Hermes Agent is an open-source AI agent from Nous Research designed to learn and evolve through user interaction. Unlike static tools, it autonomously creates and refines its own skills, recalls past conversations to build context, and runs on diverse platforms, from local machines to cloud servers. As of its v0.14.0 release in May 2026, it supports over 200 large language models, according to its official GitHub repository.
This project represents a shift from single-session, command-based AI assistants to persistent partners that improve over time. The agent is built to remember user preferences and past project details, creating a deepening model of the user across multiple sessions and platforms. With over 158,000 stars on GitHub, it has gained significant traction within the developer community.
The agent's architecture is model-agnostic, allowing users to switch between providers like OpenAI, Kimi, NVIDIA NIM, and various open-source alternatives via OpenRouter without code changes.
What is the "Closed Learning Loop"?
The core of Hermes Agent is its closed learning loop, a system designed for continuous self-improvement. Instead of relying on developers to manually update its capabilities, the agent learns directly from its own operations and user feedback. This process involves several key functions.
First, it can autonomously generate new "skills" after completing a complex task. These skills are reusable procedures it can call upon later. The agent then refines these skills during subsequent use, optimizing them for better performance. It also uses periodic "nudges" to reinforce its knowledge and maintains a searchable memory of past conversations, allowing for cross-session recall and context.
This functionality directly addresses a common pain point in agent development: the reliance on manual "vibe-checking" to gauge quality. By creating an automated feedback mechanism, Hermes aims to build a more robust and reliable assistant that grows with the user.
How Does Hermes Agent Run Anywhere?
A key design principle of Hermes Agent is its platform independence. It is not tethered to a single desktop or development environment. The agent can be deployed and interacted with across a wide range of platforms:
- Messaging Gateways: A single gateway process connects the agent to Telegram, Discord, Slack, WhatsApp, and Signal. This allows for continuous conversation and task management from any device.
- Terminal Backends: It supports seven different terminal backends, including local terminals, Docker containers, SSH, and serverless platforms like Modal and Daytona.
- Hardware Flexibility: The agent is designed to run on minimal hardware, such as a $5 virtual private server (VPS), as well as on powerful GPU clusters. Serverless options allow it to hibernate when idle, reducing costs significantly.
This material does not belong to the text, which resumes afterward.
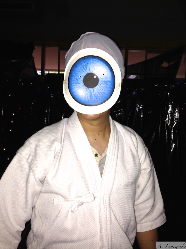 目玉親父ではありませんので、お間違えのないように(笑)Facebookでアップすると「リアル過ぎて怖い!」という感想を多く頂きました。私は驚かす役なのですが、この衣装を準備してくれた、他の保護者の方のおかげです。

This flexibility extends to its tooling. The agent can spawn isolated subagents for parallel tasks and execute Python scripts that call tools via remote procedure calls (RPC). For developers migrating from similar projects, Hermes even provides an automated migration path from the OpenClaw agent, importing settings, skills, and API keys.
The Trending Society Take
The Hermes Agent isn't just another tool; it's a statement about the future of AI interaction. The industry is moving past one-shot, stateless assistants toward persistent, stateful partners. By building a "memory" directly into its core loop, Hermes provides a practical blueprint for agents that build relationships and institutional knowledge over time.
For AI founders and builders, this project highlights the next frontier: creating systems that don't just execute commands but learn from them. The focus on a closed learning loop and platform independence makes it a powerful reference for anyone building truly personalized and adaptive AI experiences. This is how agents move from being simple utilities to indispensable collaborators.